● Dataset extract:
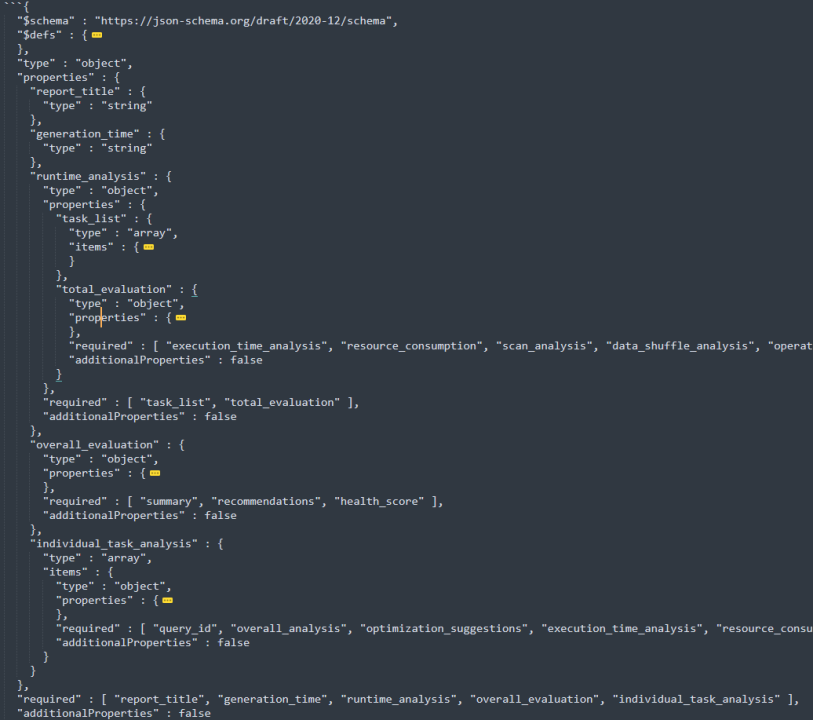 在任务评估时,要求 AI 针对特定维度进行分析,如运行时间、资源消耗(CPU 和内存)、数据扫描情况及其对集群的影响等。通过结构化的 SOP 限制 AI 的分析框架,使其在指定范围内输出更稳定、可靠的评估内容。
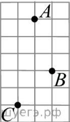 BC является диагональю квадрата 2х2 и поэтому середина отрезка BC находится в точке пересечения диагоналей. Точка А находится в одной вертикальной прямой с точкой пересечения диагоналей. Остается считать клетки.
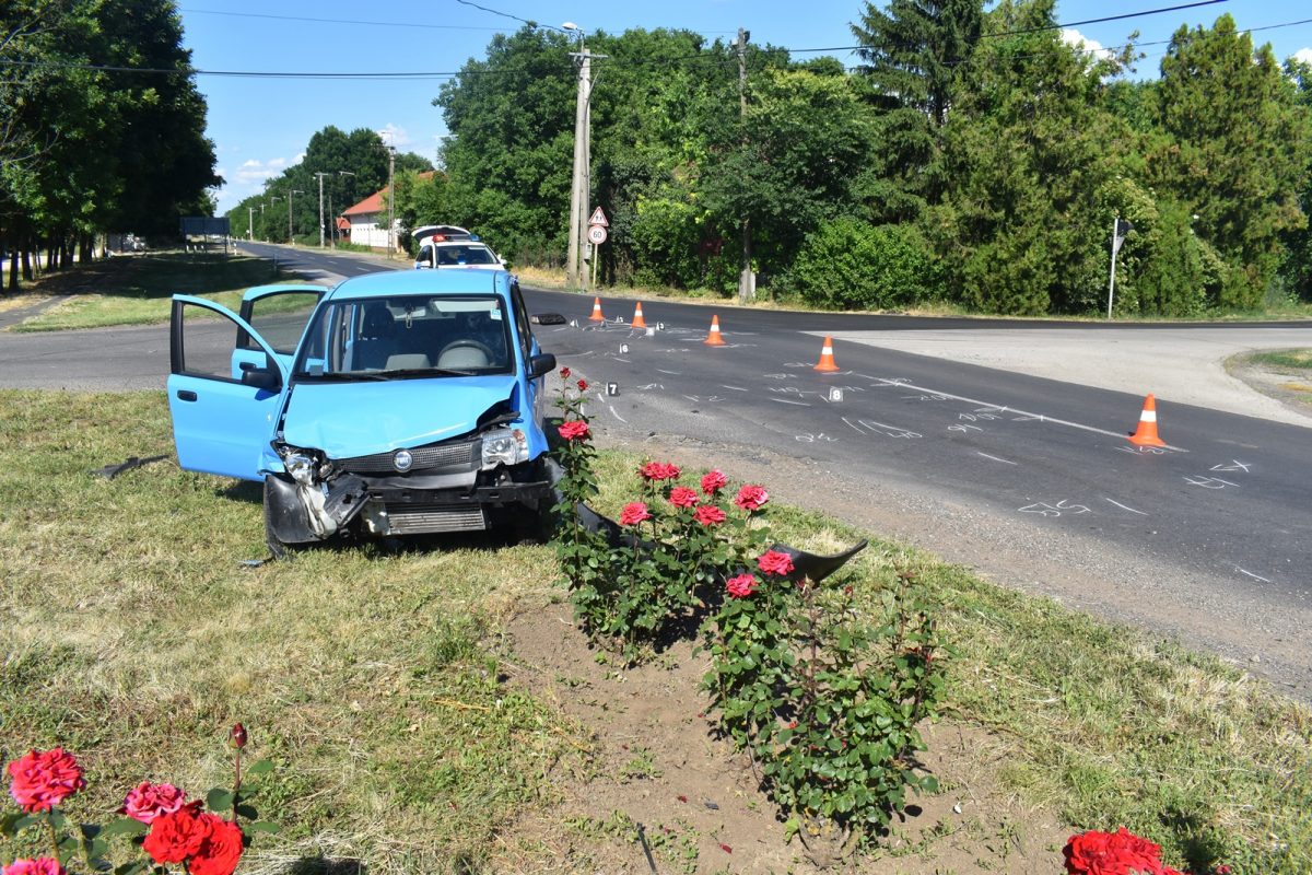 Csabaszabadiban, az Apácai út és a Gerendási út találkozásánál egy személyautóval közlekedő nő nem adott elsőbbséget egy másik autónak és összeütköztek. A vétlen jármű vezetője könnyebben megsérült.

● Requirement: Images should not appear in the copy; retype the listing above exactly.

● Task answer:
 在任务评估时,要求 AI 针对特定维度进行分析,如运行时间、资源消耗(CPU 和内存)、数据扫描情况及其对集群的影响等。通过结构化的 SOP 限制 AI 的分析框架,使其在指定范围内输出更稳定、可靠的评估内容。
 BC является диагональю квадрата 2х2 и поэтому середина отрезка BC находится в точке пересечения диагоналей. Точка А находится в одной вертикальной прямой с точкой пересечения диагоналей. Остается считать клетки.
 Csabaszabadiban, az Apácai út és a Gerendási út találkozásánál egy személyautóval közlekedő nő nem adott elsőbbséget egy másik autónak és összeütköztek. A vétlen jármű vezetője könnyebben megsérült.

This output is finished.